▸ **Exercise**: An exact restatement of the data below, with the pictures removed, is the required answer.
+++ Stored data +++
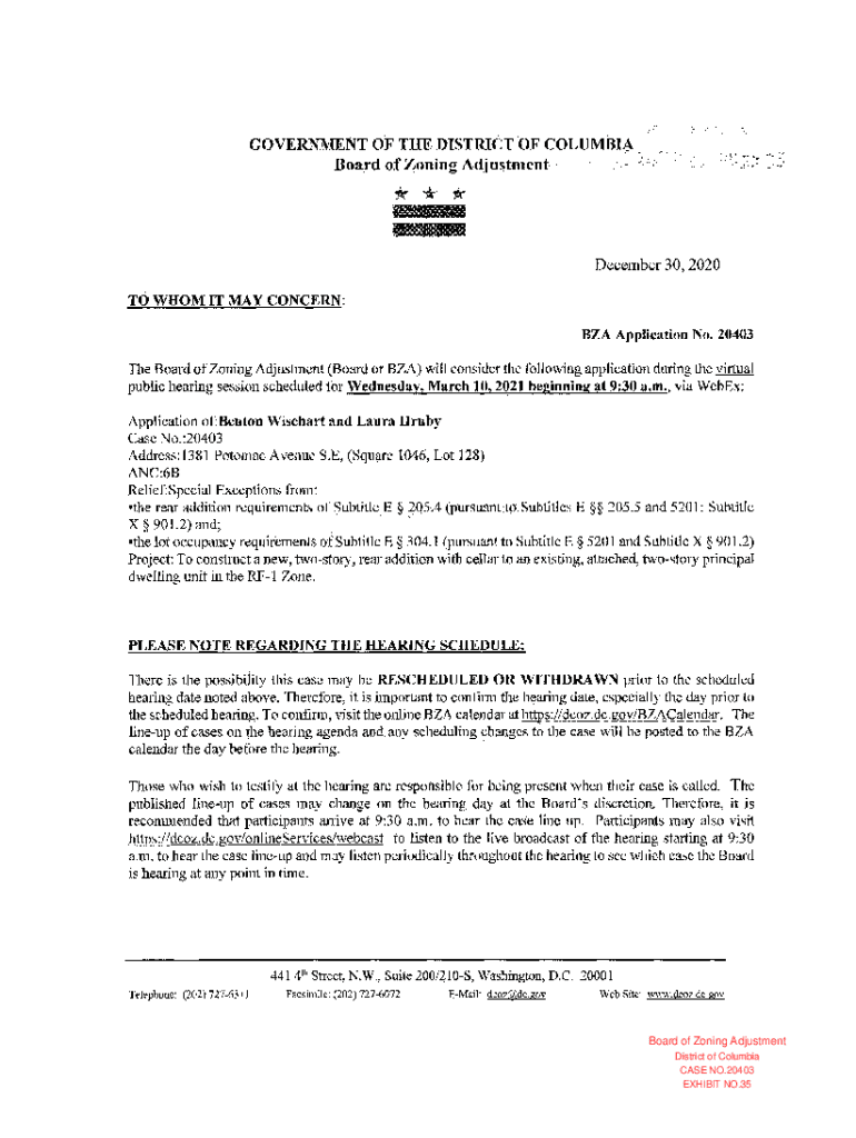 GOVERNMENT OF THE DISTRICT OF. COLUMBIA B9rd of Ming Adjust111ent.n.LFC:t*** December 30, 2020, TO WHOM IT MAY CONCERN: BZA Application No. 20403The Board of Zoning Adjustment (Board or BZA) will
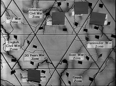 Who stock footage was also utilized in episode 10 of The War Games when, akin to Wheel, the Doctor again reflected his thought patterns to a wall. In this instance it was the benefit of the Time Lords who were provided with details of the monsters the Doctor had recently fought, namely Daleks, Cybermen, Yeti, Ice Warriors and Quarks.
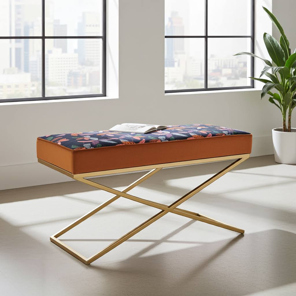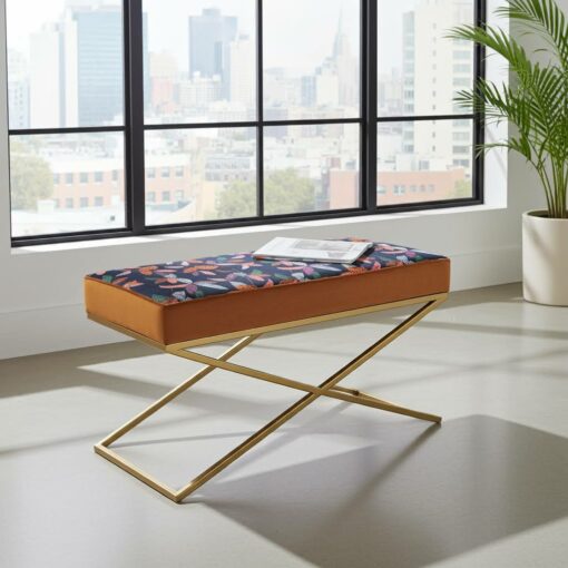 Metal-Framed Bench 100x40cm Single X Style – Velvet Upholstery & Durable Metal Frame
+++
▸ **Written answer**:
 GOVERNMENT OF THE DISTRICT OF. COLUMBIA B9rd of Ming Adjust111ent.n.LFC:t*** December 30, 2020, TO WHOM IT MAY CONCERN: BZA Application No. 20403The Board of Zoning Adjustment (Board or BZA) will
 Who stock footage was also utilized in episode 10 of The War Games when, akin to Wheel, the Doctor again reflected his thought patterns to a wall. In this instance it was the benefit of the Time Lords who were provided with details of the monsters the Doctor had recently fought, namely Daleks, Cybermen, Yeti, Ice Warriors and Quarks.
 Metal-Framed Bench 100x40cm Single X Style – Velvet Upholstery & Durable Metal Frame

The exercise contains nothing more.